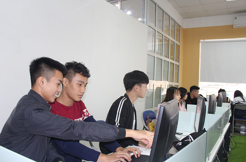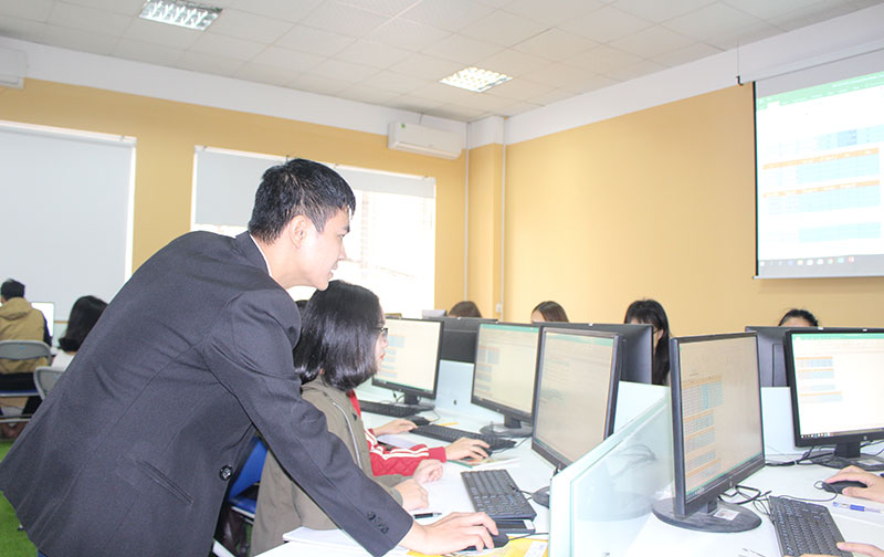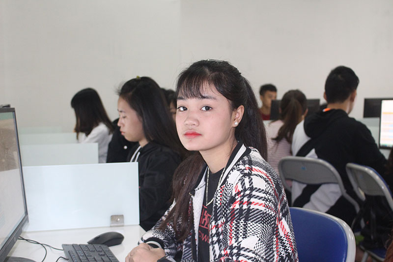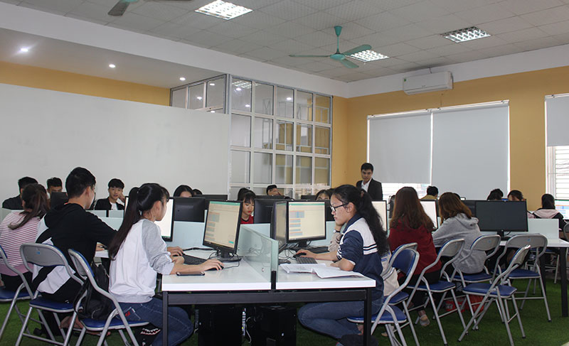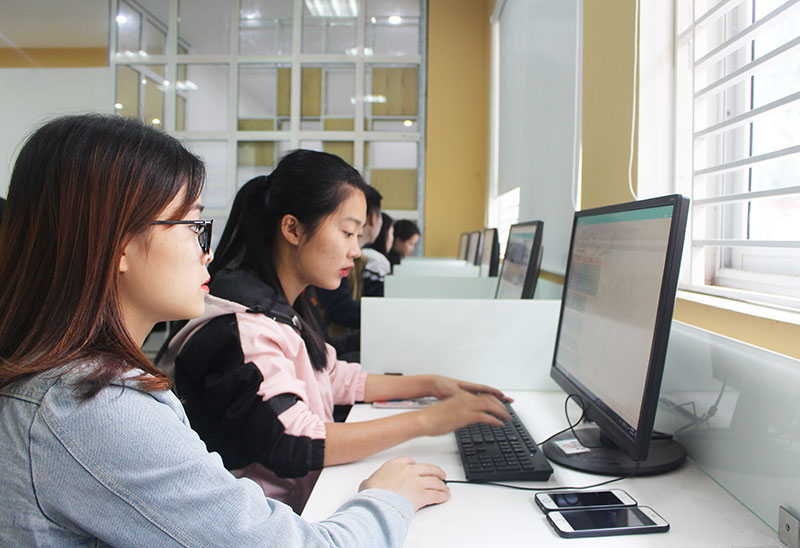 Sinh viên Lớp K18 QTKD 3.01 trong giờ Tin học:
==
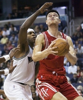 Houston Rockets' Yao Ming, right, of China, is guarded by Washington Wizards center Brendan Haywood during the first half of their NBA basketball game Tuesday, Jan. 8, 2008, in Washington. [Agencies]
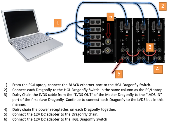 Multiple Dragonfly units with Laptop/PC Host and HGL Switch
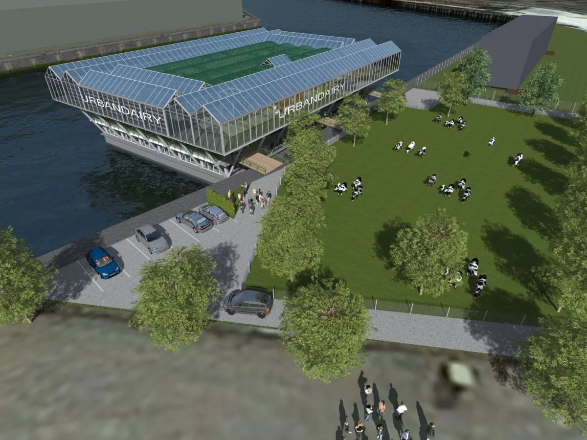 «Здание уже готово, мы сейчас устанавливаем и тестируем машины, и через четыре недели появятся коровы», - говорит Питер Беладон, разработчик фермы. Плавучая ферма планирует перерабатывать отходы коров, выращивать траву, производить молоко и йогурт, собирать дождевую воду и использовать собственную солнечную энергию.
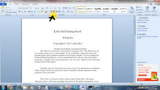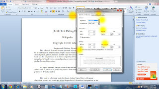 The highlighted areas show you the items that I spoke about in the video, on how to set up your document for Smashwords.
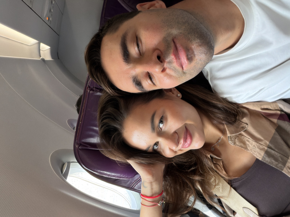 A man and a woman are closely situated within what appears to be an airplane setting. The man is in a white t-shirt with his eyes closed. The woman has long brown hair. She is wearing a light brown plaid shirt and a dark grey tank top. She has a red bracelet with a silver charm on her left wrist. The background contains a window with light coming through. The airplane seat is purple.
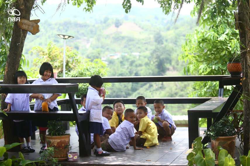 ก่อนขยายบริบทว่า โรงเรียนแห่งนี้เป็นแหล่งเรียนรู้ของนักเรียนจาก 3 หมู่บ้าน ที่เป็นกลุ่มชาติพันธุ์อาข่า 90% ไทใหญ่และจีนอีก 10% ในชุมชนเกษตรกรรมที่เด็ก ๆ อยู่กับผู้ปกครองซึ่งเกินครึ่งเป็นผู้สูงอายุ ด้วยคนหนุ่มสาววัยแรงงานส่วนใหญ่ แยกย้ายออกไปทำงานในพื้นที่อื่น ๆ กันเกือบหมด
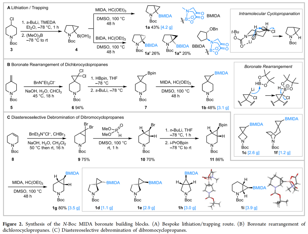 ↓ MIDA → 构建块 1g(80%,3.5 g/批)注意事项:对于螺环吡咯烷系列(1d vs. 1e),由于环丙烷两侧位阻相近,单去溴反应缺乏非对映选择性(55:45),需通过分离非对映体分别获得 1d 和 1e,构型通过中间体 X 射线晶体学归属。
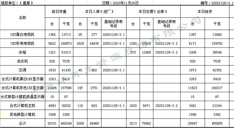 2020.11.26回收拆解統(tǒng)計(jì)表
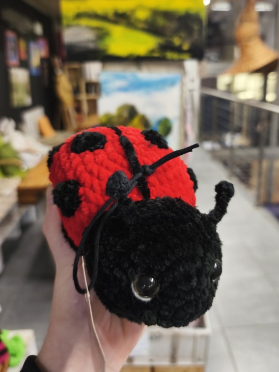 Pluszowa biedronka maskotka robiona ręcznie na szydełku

◆ **TASK OBJECTIVE**
Quote the data above exactly from the line with "2020.11.26回收拆解統(tǒng)計(jì)表" to the line with "Pluszowa biedronka maskotka", both ends counted, and nothing else. Pictures don't go in.

◆ **ANSWER TO THIS TASK**
 2020.11.26回收拆解統(tǒng)計(jì)表
 Pluszowa biedronka maskotka robiona ręcznie na szydełku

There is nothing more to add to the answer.